The science fiction anthology The Twilight Zone has returned to television, technically CBS All Access' streaming service. Originally aired in 1959, The Twilight Zone has been revived twice, and this is the third attempt to recreate the magic of the original series. We'll be reviewing the first season, starting with the pilot, "The Comedian."

You'd think the show would start with its best episode. If "The Comedian" is the best the show has to offer, it's in trouble.

In "The Comedian," we meet failing comedian Samir Wassan (Kumail Nanjiani) who does political humor that bombs on stage. When he meets legendary comic JC Wheeler (Tracy Morgan), he gets some advice: put himself out there. Give the audience his life.
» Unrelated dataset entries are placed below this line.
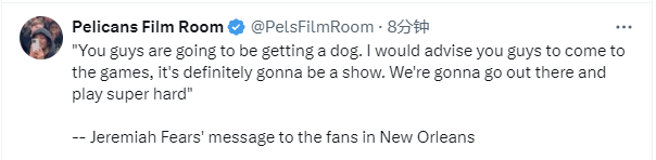 费尔斯:鹈鹕将得到一头“斗牛犬” 希望新奥尔良球迷都来看我打球
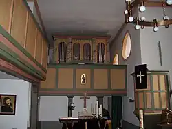 Über die erste Orgel, für die 1811 eine Empore eingebaut wurde, gibt es keine näheren Angaben. Friedrich Wilhelm Bernhard baute 1861 hier seine letzte Orgel, bevor die Romroder Firma erlosch. Das vorderspielige Instrument verfügt über sieben Register, die sich auf einem Manual und ein fest angekoppeltes Pedal verteilen. Der Prospekt zeigt vier Rundbogenfelder zwischen marmoriert gestrichenen Pilastern. Im Jahr 2019 erfolgte eine umfassende Sanierung der Orgel. Der Winddruck wurde dabei etwas abgesenkt, um die historische Substanz zu schonen. Die Disposition lautet wie folgt:[21]
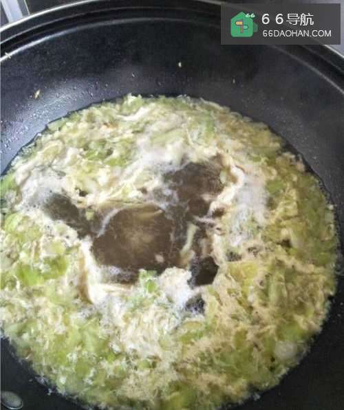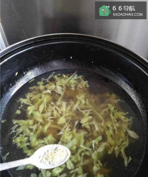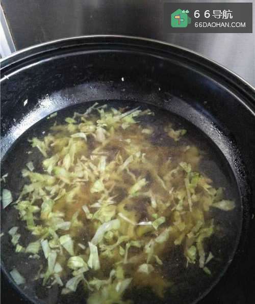 10将所有饼丝倒入汤中,用铲子搅拌均匀。
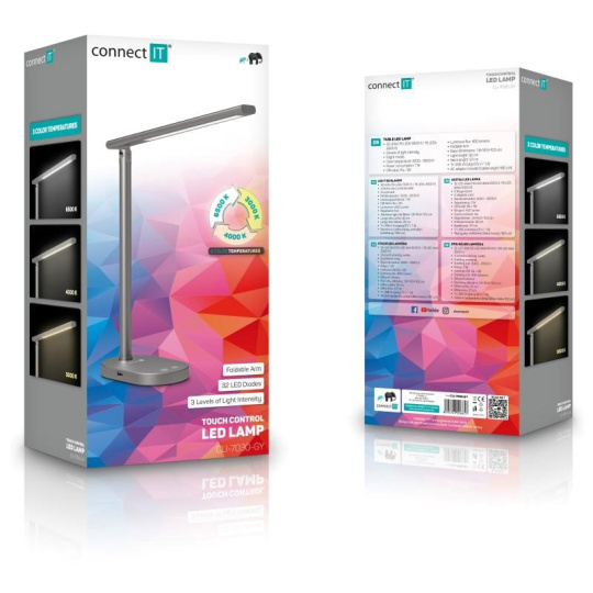 .CONNECT IT Stolní LED lampa Shine, USB-A, šedá

But once he does, Wheeler warns, he'll never get it back.

Samir follows the advice and starts telling jokes about people in his life, including his dog and his nephew, and gets funnier. But of course, this is the Twilight Zone, so there's a twist. Whenever he mentions someone's name, he gets huge laughs but that person disappears.

The problem with this episode is that you know exactly where it's going from the first five minutes, and it doesn't really give you any surprises. Yes, we're gonna see Wassan struggle with the fact that he's making people vanish. He decides to use his new power for good by talking about people he hates, making them disappear. But, uh-oh, he starts changing the past and making his life worse! It's a story we've seen a thousand times. In fact, The Butterfly Effect and Death Note immediately spring to mind.

It's also not a very relatable story. Yes, comedians are nodding their heads, and saying how they've been there, mining their personal lives for laughs on stage while alienating loved ones. But non-comedians are just watching an episode revolving around a comedy club set over and over again.

Worse, the stand-up comedy bits aren't even that funny. Samir seems to have a power over the audience to make them laugh just by mentioning names, which boils down in the end to him literally just rattling off a list of names while the audience howls. We're sitting there watching him say unfunny things and have it treated as funny. Considering Nanjiani is a genuinely funny comic, there could have been some real jokes to watch.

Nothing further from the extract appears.